= What you have to do =
Each line of data below must be printed exactly as written, with any pictures removed.

= Source data =

● ● ● ● ● ● ●

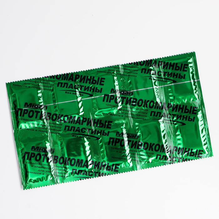Пластины от комаров, без запаха, зеленые, 10 шт
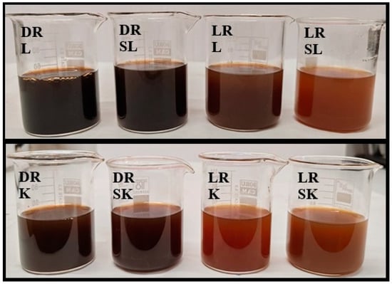 Coffee samples. LR: Light Roasted; DR: Dark Roasted, L: Lactobacillus plantarum ELB75; K: Kombu coffee (SCOBY-fermented coffee); SL: L-fermented coffee containing spent coffee grounds; and SK: Kombu coffee containing spent coffee grounds.
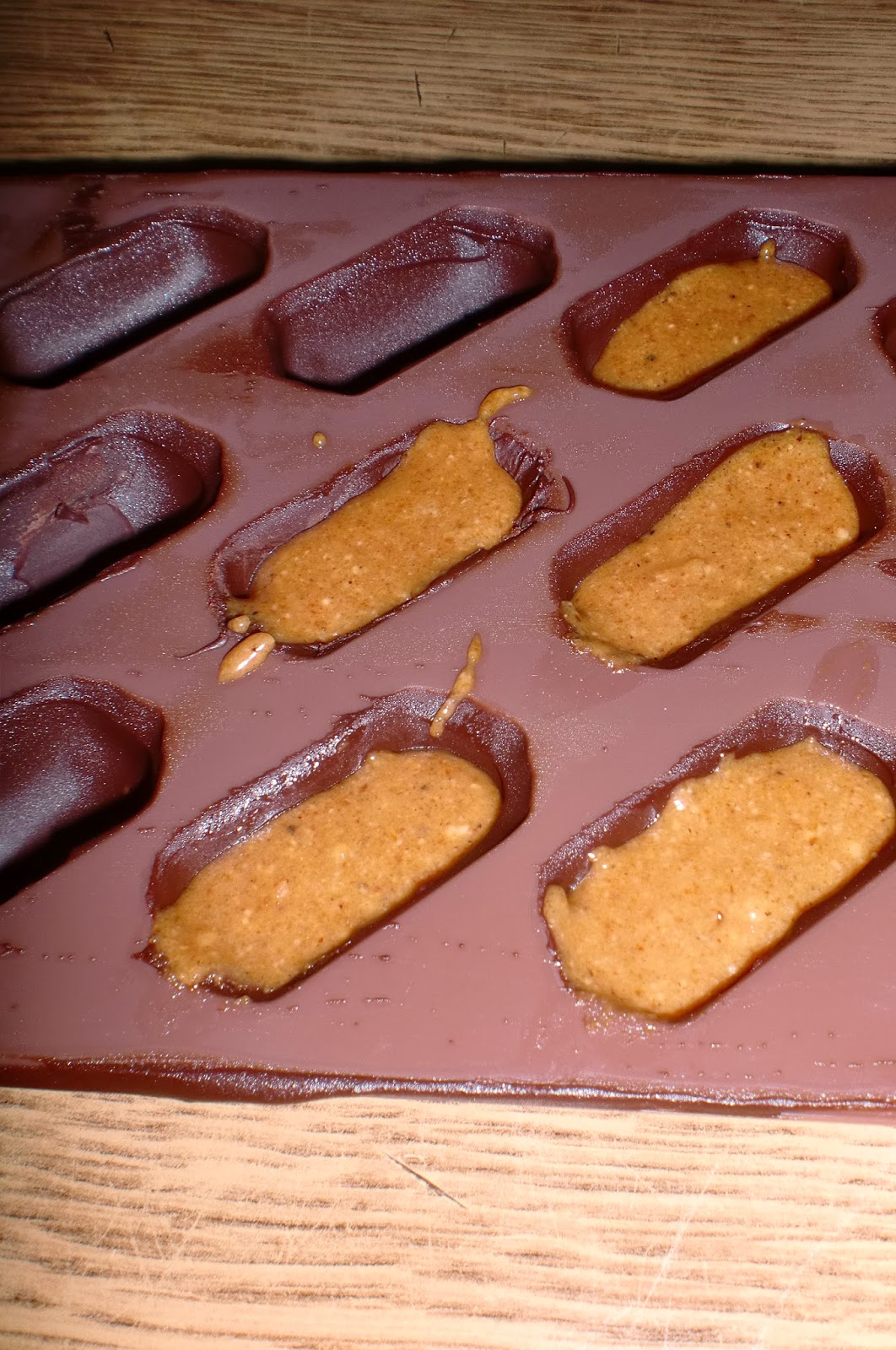 Echamos el chocolate en el molde que se llenen bien todos los huecos.
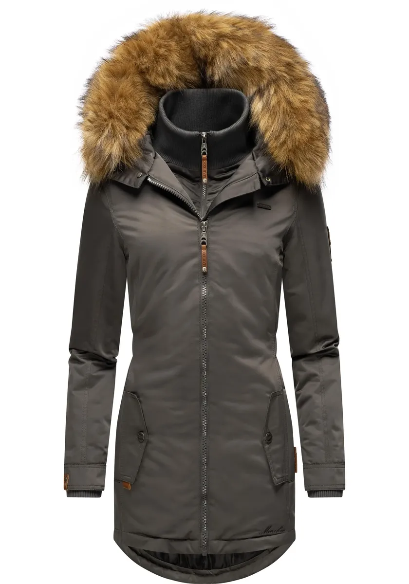 Зимнее пальто Marikoo "Sanakoo", шикарное женское полупальто с капюшоном из искусственного меха, антрацит, Черный, Зимнее пальто Marikoo "Sanakoo", шикарное женское полупальто с капюшоном из искусственного меха, антрацит
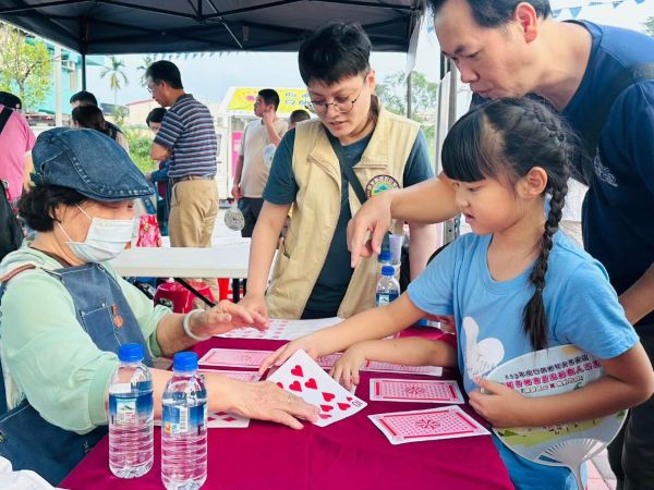 舞台之外,校園草地化身為青銀市集與互動場域,規劃「青銀合作賽」,邀請65歲以上長輩與家人組隊挑戰夾氣球闖關;「青銀智多星」則由長輩帶領民眾體驗兒時丟沙包遊戲,讓傳統童玩成為世代交流的橋梁。
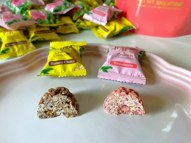 イエローのパッケージに入った「バナナクランチチョコ」がコストコ限定のフレーバーです。もう1つのピンクのパッケージは「ストロベリークランチ」で、筆者が購入したパックには合計47個が入っていました。
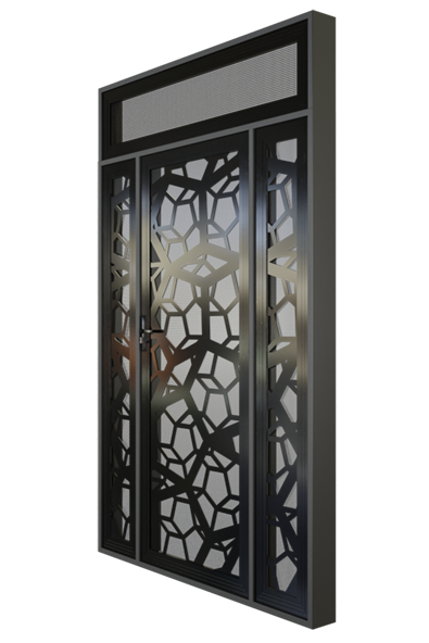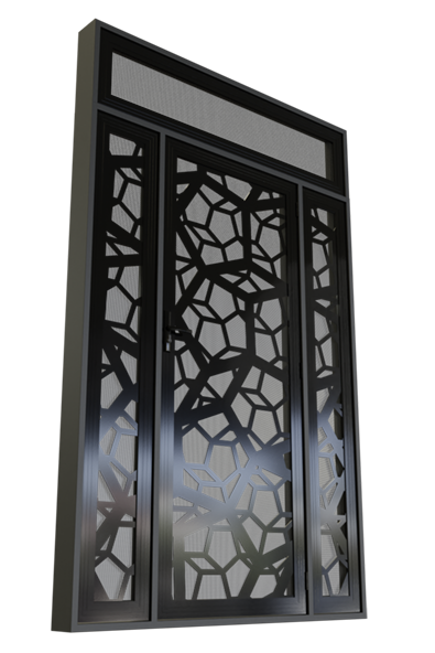 The layers of the Vortex porch enclosure interlock differing sizes of pentagons to create a beautiful hive pattern in front of the Crimsafe mesh. This creation of depth allows the eye to be drawn across the whole design while maintaining privacy for those behind the door.
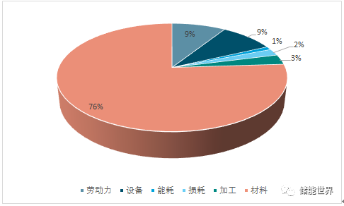 不同生產(chǎn)規(guī)模下的電池成本及拆分
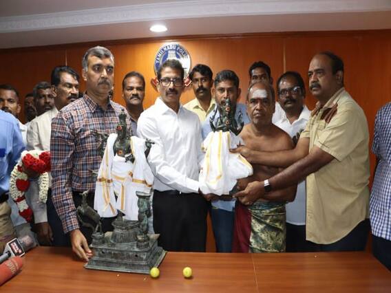 மதுரையில் சிலை திருட்டு தடுப்பு பிரிவு, காவல்துறை இயக்குநர் ஜெயந்த் முரளி , சிலை தடுப்புபிரிவு காவல்துறை தலைவர் தினகரன் ஆகியோர் செய்தியாளர்களை சந்தித்து பேசினர். அதில், “ 1985-ம் ஆண்டு தென்காசி மாவட்டம் ஆழ்வார்குறிச்சி பகுதியில் உள்ள அருள்மிகு நரசிங்கநாதர் கோயிலில் இருந்து 11-ம் நூற்றாண்டில் உருவாக்கப்பட்ட கங்காள நாதர் மற்றும் அதிகார நந்தி ஆகிய இரண்டு ஐம்பொன் சிலைகள் கடத்தப்பட்டு காணாமல் போயுள்ளன.

● ● ● ● ● ● ●

= Solution to the problem =
Пластины от комаров, без запаха, зеленые, 10 шт
 Coffee samples. LR: Light Roasted; DR: Dark Roasted, L: Lactobacillus plantarum ELB75; K: Kombu coffee (SCOBY-fermented coffee); SL: L-fermented coffee containing spent coffee grounds; and SK: Kombu coffee containing spent coffee grounds.
 Echamos el chocolate en el molde que se llenen bien todos los huecos.
 Зимнее пальто Marikoo "Sanakoo", шикарное женское полупальто с капюшоном из искусственного меха, антрацит, Черный, Зимнее пальто Marikoo "Sanakoo", шикарное женское полупальто с капюшоном из искусственного меха, антрацит
 舞台之外,校園草地化身為青銀市集與互動場域,規劃「青銀合作賽」,邀請65歲以上長輩與家人組隊挑戰夾氣球闖關;「青銀智多星」則由長輩帶領民眾體驗兒時丟沙包遊戲,讓傳統童玩成為世代交流的橋梁。
 イエローのパッケージに入った「バナナクランチチョコ」がコストコ限定のフレーバーです。もう1つのピンクのパッケージは「ストロベリークランチ」で、筆者が購入したパックには合計47個が入っていました。
 The layers of the Vortex porch enclosure interlock differing sizes of pentagons to create a beautiful hive pattern in front of the Crimsafe mesh. This creation of depth allows the eye to be drawn across the whole design while maintaining privacy for those behind the door.
 不同生產(chǎn)規(guī)模下的電池成本及拆分
 மதுரையில் சிலை திருட்டு தடுப்பு பிரிவு, காவல்துறை இயக்குநர் ஜெயந்த் முரளி , சிலை தடுப்புபிரிவு காவல்துறை தலைவர் தினகரன் ஆகியோர் செய்தியாளர்களை சந்தித்து பேசினர். அதில், “ 1985-ம் ஆண்டு தென்காசி மாவட்டம் ஆழ்வார்குறிச்சி பகுதியில் உள்ள அருள்மிகு நரசிங்கநாதர் கோயிலில் இருந்து 11-ம் நூற்றாண்டில் உருவாக்கப்பட்ட கங்காள நாதர் மற்றும் அதிகார நந்தி ஆகிய இரண்டு ஐம்பொன் சிலைகள் கடத்தப்பட்டு காணாமல் போயுள்ளன.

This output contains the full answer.